What you are asked to do:
Entries below include pictures. Output exactly the lines from the one with "Состав: вода, лауретсульфат" down to the one with "Tennis legend Arthur", both ends included, and leave the pictures out.

Material provided:
BEGIN
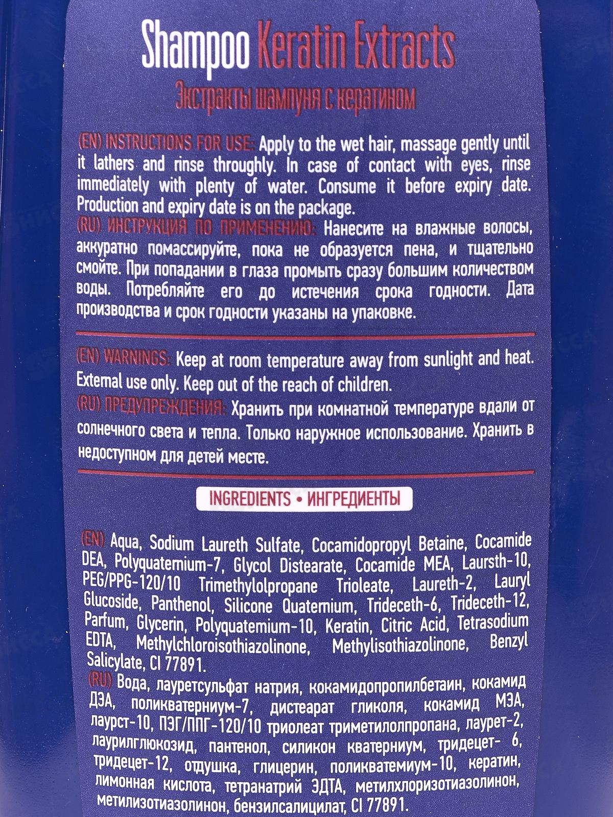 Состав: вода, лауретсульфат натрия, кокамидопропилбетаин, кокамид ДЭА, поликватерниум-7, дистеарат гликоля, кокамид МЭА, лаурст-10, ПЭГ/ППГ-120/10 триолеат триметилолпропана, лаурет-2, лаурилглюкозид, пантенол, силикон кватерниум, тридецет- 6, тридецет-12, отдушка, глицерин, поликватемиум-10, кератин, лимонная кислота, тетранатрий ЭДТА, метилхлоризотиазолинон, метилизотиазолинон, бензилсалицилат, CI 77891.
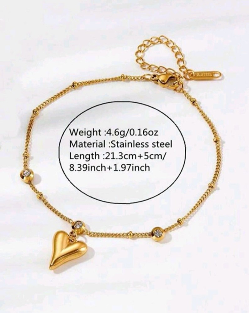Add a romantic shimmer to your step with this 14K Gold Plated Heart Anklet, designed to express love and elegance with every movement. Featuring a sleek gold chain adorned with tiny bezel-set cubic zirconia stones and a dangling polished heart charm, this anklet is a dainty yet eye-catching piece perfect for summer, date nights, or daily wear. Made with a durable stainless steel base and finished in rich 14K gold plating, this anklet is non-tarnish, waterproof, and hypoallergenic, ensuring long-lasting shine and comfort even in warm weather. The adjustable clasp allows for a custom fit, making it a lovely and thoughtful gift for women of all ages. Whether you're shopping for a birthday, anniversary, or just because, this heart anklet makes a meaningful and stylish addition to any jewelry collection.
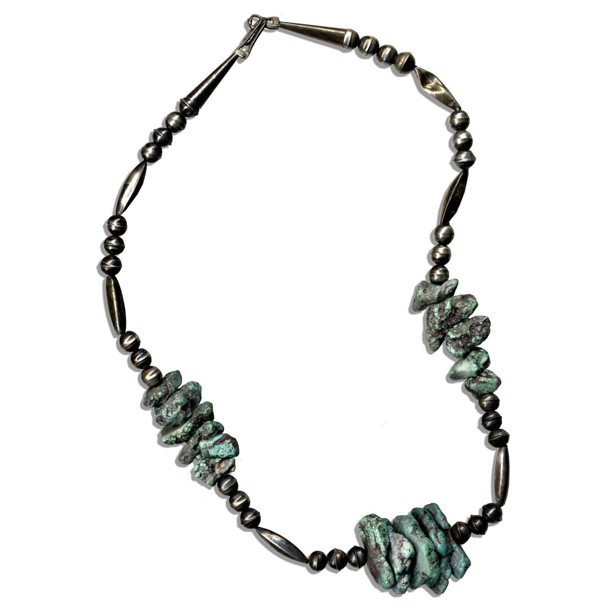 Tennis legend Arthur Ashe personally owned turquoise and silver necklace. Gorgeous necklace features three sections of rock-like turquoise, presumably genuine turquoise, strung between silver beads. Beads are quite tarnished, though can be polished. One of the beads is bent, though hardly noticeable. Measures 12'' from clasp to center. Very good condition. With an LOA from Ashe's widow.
END
BEGIN
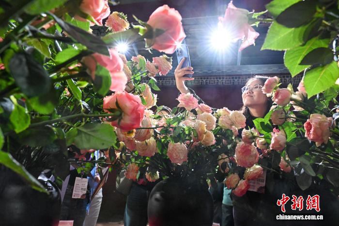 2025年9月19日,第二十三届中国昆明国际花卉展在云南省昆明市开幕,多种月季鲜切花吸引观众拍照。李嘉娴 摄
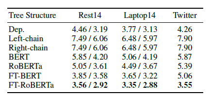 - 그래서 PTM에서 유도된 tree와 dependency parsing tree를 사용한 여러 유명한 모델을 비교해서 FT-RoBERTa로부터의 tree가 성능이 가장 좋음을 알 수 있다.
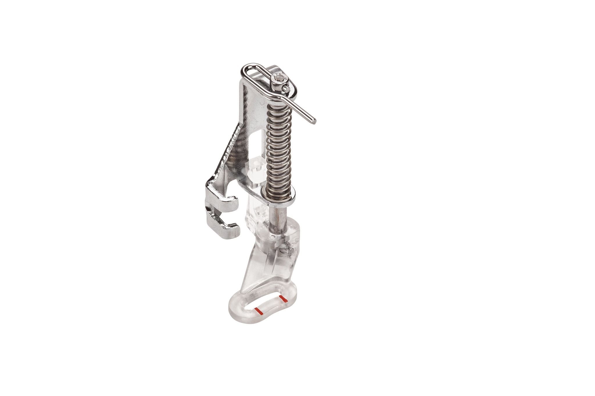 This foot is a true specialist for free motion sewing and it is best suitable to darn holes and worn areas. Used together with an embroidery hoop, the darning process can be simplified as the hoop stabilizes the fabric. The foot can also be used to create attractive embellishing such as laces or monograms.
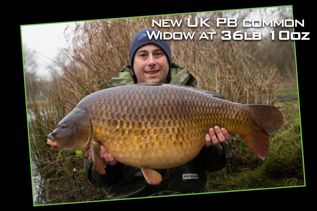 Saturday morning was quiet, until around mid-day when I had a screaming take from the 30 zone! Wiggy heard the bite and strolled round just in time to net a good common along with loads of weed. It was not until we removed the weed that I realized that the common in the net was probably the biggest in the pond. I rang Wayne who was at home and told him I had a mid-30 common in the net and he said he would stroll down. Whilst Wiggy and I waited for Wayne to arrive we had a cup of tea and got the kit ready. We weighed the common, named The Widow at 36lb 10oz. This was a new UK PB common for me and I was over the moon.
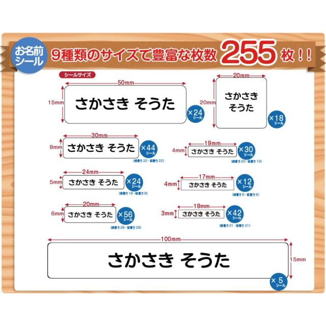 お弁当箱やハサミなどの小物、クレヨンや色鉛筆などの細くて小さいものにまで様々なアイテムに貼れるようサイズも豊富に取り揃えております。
END
BEGIN
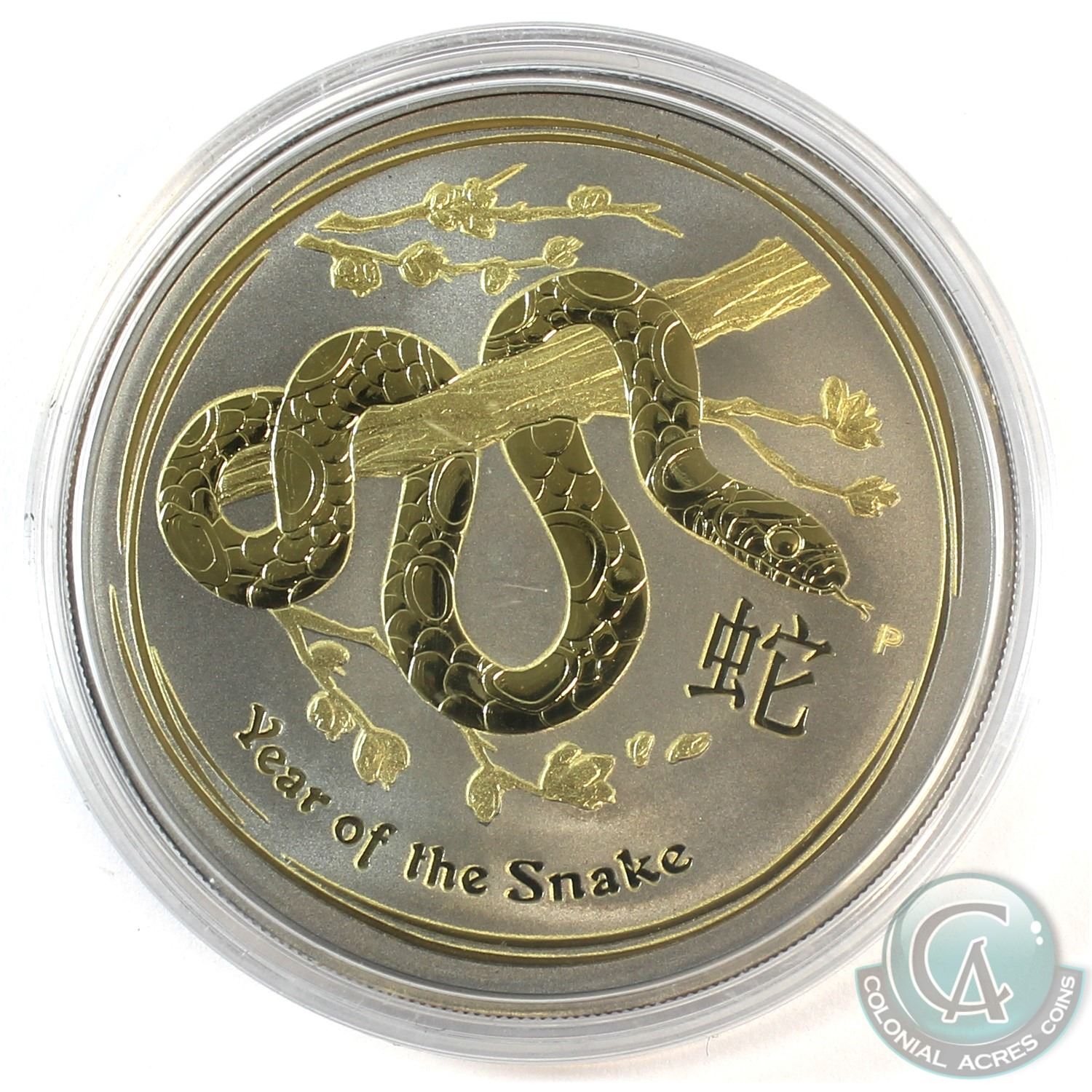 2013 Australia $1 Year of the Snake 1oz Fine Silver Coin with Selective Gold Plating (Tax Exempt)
END
Written response:
 Состав: вода, лауретсульфат натрия, кокамидопропилбетаин, кокамид ДЭА, поликватерниум-7, дистеарат гликоля, кокамид МЭА, лаурст-10, ПЭГ/ППГ-120/10 триолеат триметилолпропана, лаурет-2, лаурилглюкозид, пантенол, силикон кватерниум, тридецет- 6, тридецет-12, отдушка, глицерин, поликватемиум-10, кератин, лимонная кислота, тетранатрий ЭДТА, метилхлоризотиазолинон, метилизотиазолинон, бензилсалицилат, CI 77891.
Add a romantic shimmer to your step with this 14K Gold Plated Heart Anklet, designed to express love and elegance with every movement. Featuring a sleek gold chain adorned with tiny bezel-set cubic zirconia stones and a dangling polished heart charm, this anklet is a dainty yet eye-catching piece perfect for summer, date nights, or daily wear. Made with a durable stainless steel base and finished in rich 14K gold plating, this anklet is non-tarnish, waterproof, and hypoallergenic, ensuring long-lasting shine and comfort even in warm weather. The adjustable clasp allows for a custom fit, making it a lovely and thoughtful gift for women of all ages. Whether you're shopping for a birthday, anniversary, or just because, this heart anklet makes a meaningful and stylish addition to any jewelry collection.
 Tennis legend Arthur Ashe personally owned turquoise and silver necklace. Gorgeous necklace features three sections of rock-like turquoise, presumably genuine turquoise, strung between silver beads. Beads are quite tarnished, though can be polished. One of the beads is bent, though hardly noticeable. Measures 12'' from clasp to center. Very good condition. With an LOA from Ashe's widow.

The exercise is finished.